> Task objective
In the records below, find the line with "正面巾が大きく、マチも最大級" and the line with "シアーフレアスカート ミモレ丈 シースルー". Print both exactly, along with every line between them, and no other line.

> Entries supplied
----
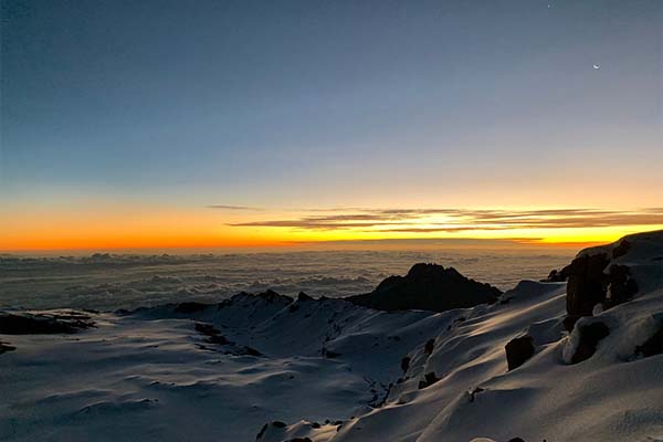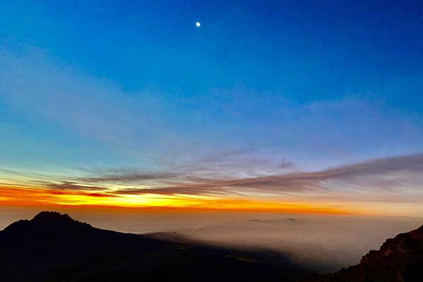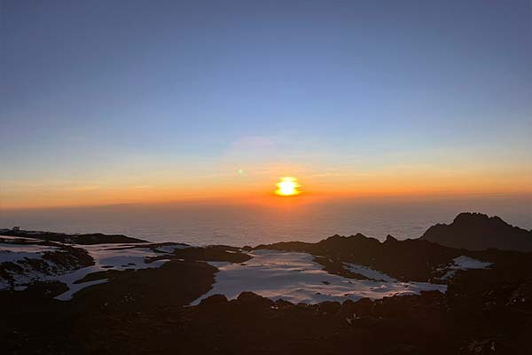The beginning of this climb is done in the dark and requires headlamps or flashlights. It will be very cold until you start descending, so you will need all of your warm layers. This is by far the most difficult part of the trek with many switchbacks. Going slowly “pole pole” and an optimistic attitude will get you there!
----
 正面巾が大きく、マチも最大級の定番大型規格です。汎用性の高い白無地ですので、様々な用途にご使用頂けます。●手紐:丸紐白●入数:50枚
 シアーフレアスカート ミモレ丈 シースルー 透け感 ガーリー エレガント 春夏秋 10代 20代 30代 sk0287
----
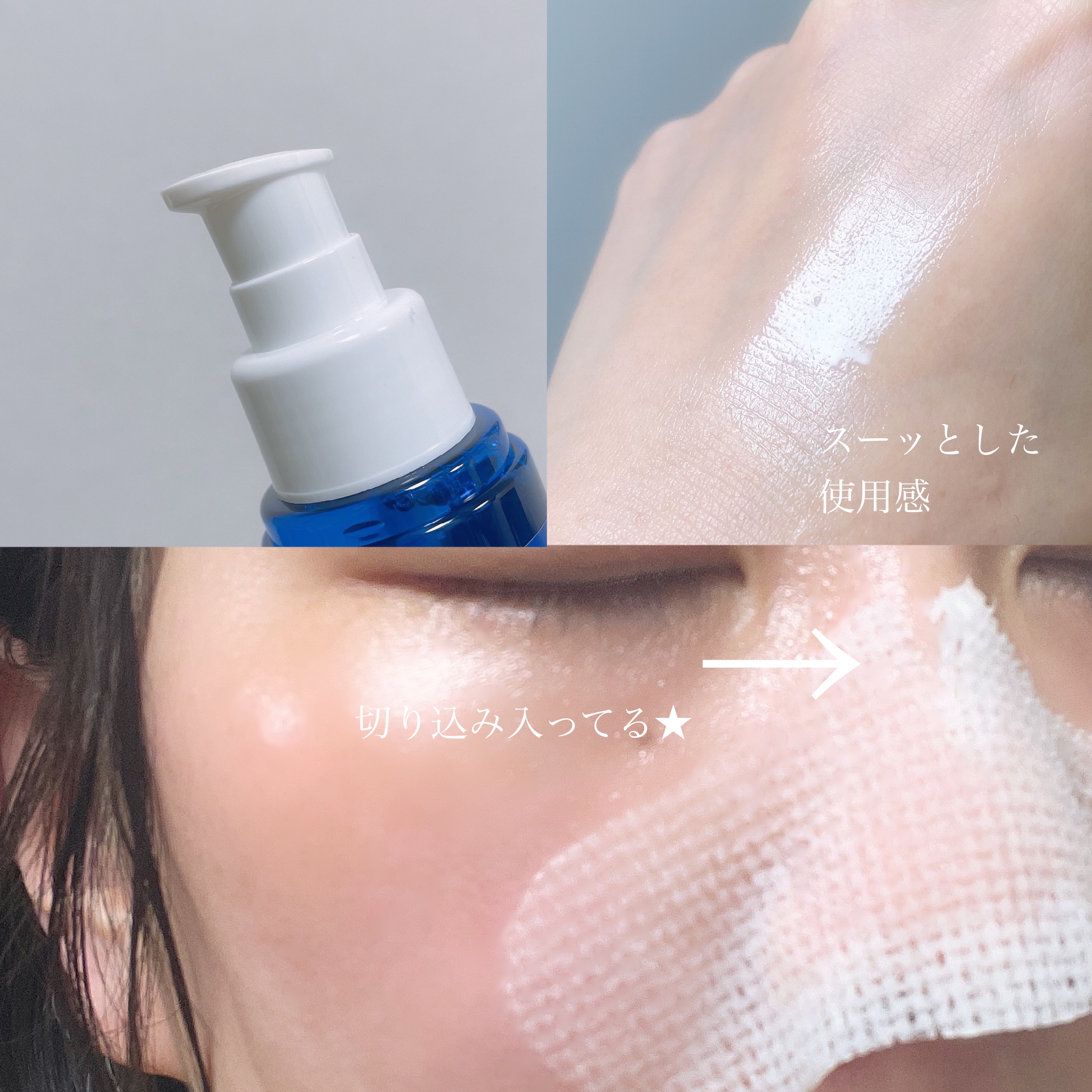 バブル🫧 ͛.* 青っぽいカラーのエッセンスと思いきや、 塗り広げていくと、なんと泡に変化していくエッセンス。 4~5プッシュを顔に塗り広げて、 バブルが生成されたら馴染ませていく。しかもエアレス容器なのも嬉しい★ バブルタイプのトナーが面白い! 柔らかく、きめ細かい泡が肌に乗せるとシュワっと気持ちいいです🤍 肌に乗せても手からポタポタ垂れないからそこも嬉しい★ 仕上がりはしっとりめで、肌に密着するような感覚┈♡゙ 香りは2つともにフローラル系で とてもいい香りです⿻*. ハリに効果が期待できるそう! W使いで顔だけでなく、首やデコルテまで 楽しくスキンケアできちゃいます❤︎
----
> Task answer
 正面巾が大きく、マチも最大級の定番大型規格です。汎用性の高い白無地ですので、様々な用途にご使用頂けます。●手紐:丸紐白●入数:50枚
 シアーフレアスカート ミモレ丈 シースルー 透け感 ガーリー エレガント 春夏秋 10代 20代 30代 sk0287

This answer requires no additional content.